#### DATA TO EXAMINE
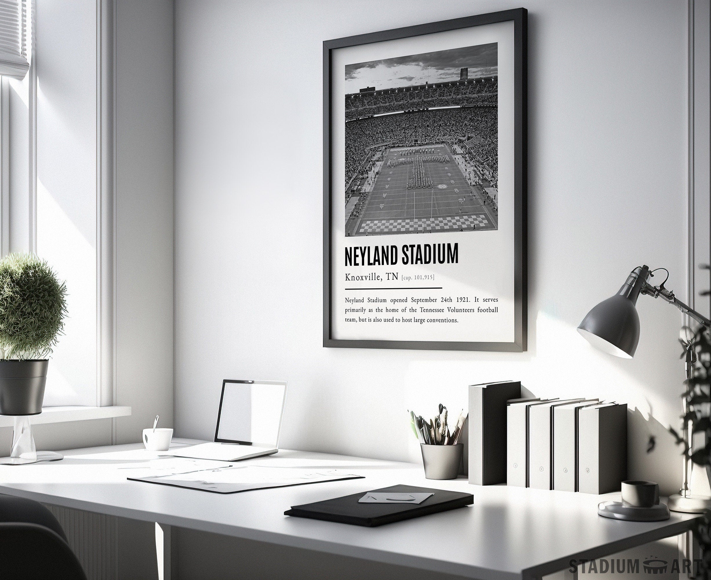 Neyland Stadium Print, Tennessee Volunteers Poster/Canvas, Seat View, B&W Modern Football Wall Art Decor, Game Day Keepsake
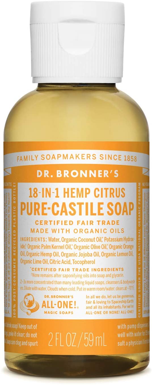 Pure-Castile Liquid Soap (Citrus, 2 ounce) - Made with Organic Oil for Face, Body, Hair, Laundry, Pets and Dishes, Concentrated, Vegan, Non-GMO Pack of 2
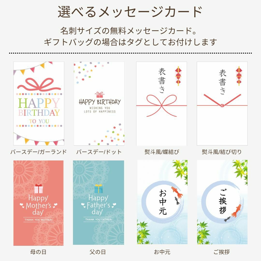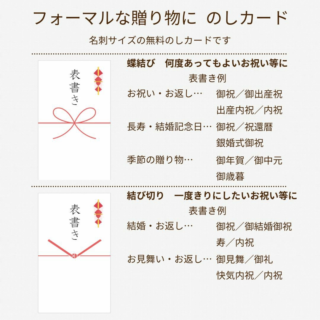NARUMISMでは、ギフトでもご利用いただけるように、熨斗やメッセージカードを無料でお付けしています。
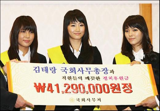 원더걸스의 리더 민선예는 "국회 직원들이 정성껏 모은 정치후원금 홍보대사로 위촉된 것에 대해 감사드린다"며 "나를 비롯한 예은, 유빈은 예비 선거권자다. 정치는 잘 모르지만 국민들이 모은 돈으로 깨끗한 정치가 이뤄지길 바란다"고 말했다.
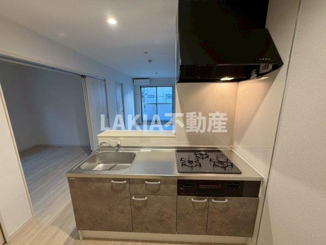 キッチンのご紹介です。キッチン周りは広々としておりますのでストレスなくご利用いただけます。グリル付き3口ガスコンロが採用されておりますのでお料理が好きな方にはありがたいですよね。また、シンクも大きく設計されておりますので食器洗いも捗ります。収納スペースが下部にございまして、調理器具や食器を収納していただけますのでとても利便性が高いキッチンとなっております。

#### PROBLEM
Set down the records above exactly, leaving out pictures.

#### TASK SOLUTION
 Neyland Stadium Print, Tennessee Volunteers Poster/Canvas, Seat View, B&W Modern Football Wall Art Decor, Game Day Keepsake
 Pure-Castile Liquid Soap (Citrus, 2 ounce) - Made with Organic Oil for Face, Body, Hair, Laundry, Pets and Dishes, Concentrated, Vegan, Non-GMO Pack of 2
NARUMISMでは、ギフトでもご利用いただけるように、熨斗やメッセージカードを無料でお付けしています。
 원더걸스의 리더 민선예는 "국회 직원들이 정성껏 모은 정치후원금 홍보대사로 위촉된 것에 대해 감사드린다"며 "나를 비롯한 예은, 유빈은 예비 선거권자다. 정치는 잘 모르지만 국민들이 모은 돈으로 깨끗한 정치가 이뤄지길 바란다"고 말했다.
 キッチンのご紹介です。キッチン周りは広々としておりますのでストレスなくご利用いただけます。グリル付き3口ガスコンロが採用されておりますのでお料理が好きな方にはありがたいですよね。また、シンクも大きく設計されておりますので食器洗いも捗ります。収納スペースが下部にございまして、調理器具や食器を収納していただけますのでとても利便性が高いキッチンとなっております。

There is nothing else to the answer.